When coronavirus took hold last year, thousands of people sleeping rough were helped off the streets under the “Everyone In” campaign, undoubtedly saving lives. Extra funding and extraordinary efforts by the government, councils and charities meant 37,000 people were found a bed – some in hotels or B&Bs, others in hostels.
But you can’t end homelessness with a temporary bed – that requires a lasting home. Somewhere you can afford to stay for more than a few months. Somewhere that is safe and where you can get the support you need.
“Everyone In” protected people at a crucial time, but its success can never be sustained while councils remain paralysed by the desperate shortage of permanent homes. This was already the case before “Everyone In”, and it’s even more the case now.
When hotels started to re-open, the government asked councils to move people on to more sustainable accommodation.

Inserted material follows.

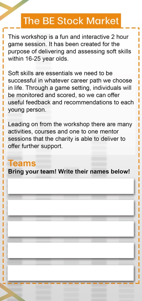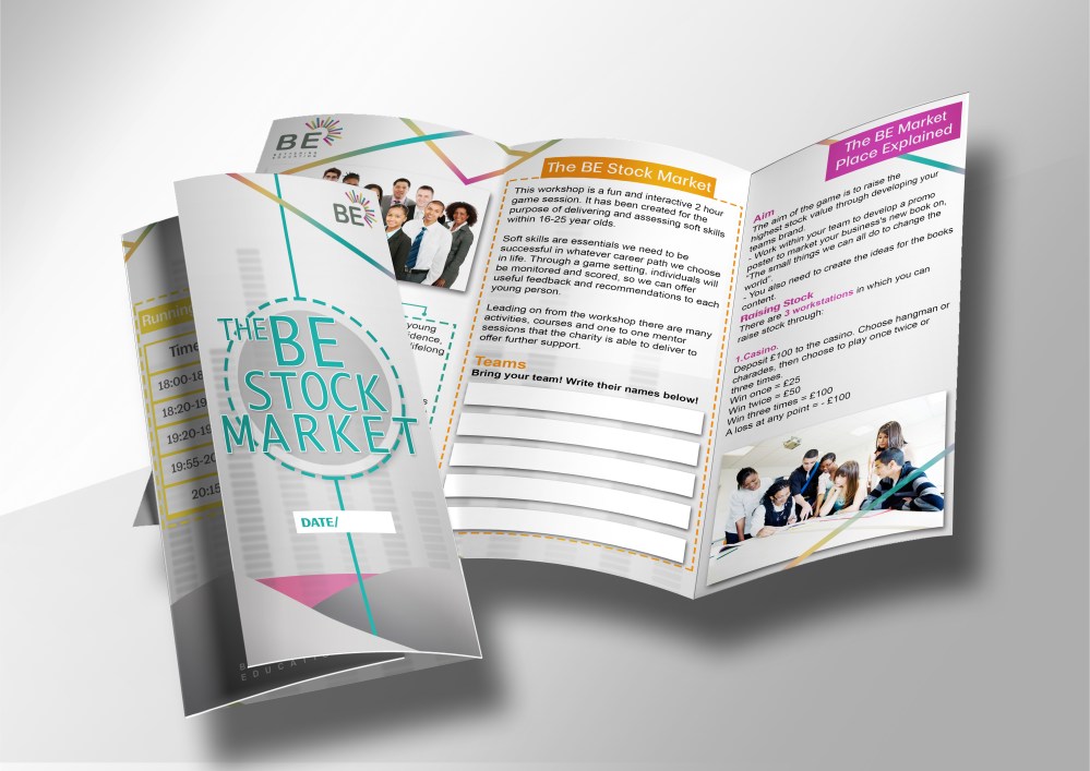 I was asked to create this leaflet to help spread the word for a Stock market workshop event that BE were putting on and here are the results. You can view the different pages created below.

So, just over a year on, have councils succeeded?
The good news is that an estimated 8,600 people who were initially helped (23 per cent) have moved into “settled accommodation” – somewhere they can stay for at least six months. This is a major achievement.
But what about the rest? Despite the efforts made, our new FOI data shows that over three quarters – an estimated 29,000 people – haven’t moved into a settled home. More than one in five (22 per cent) were still living in emergency hostels or B&Bs, facing an uncertain future. And nearly 9,000 people were no longer being accommodated at all. Worryingly they may well have returned to a dangerous life on the streets.
Social housing used to provide secure homes with low rents for those needing them most. People could settle, they could put down roots, get a better education or a better job, safe in the knowledge they wouldn’t have to leave. But in recent decades government budgets for social housing have been slashed – and we’ve all but stopped building these life-saving homes. We now demolish or sell more social homes than we build each year.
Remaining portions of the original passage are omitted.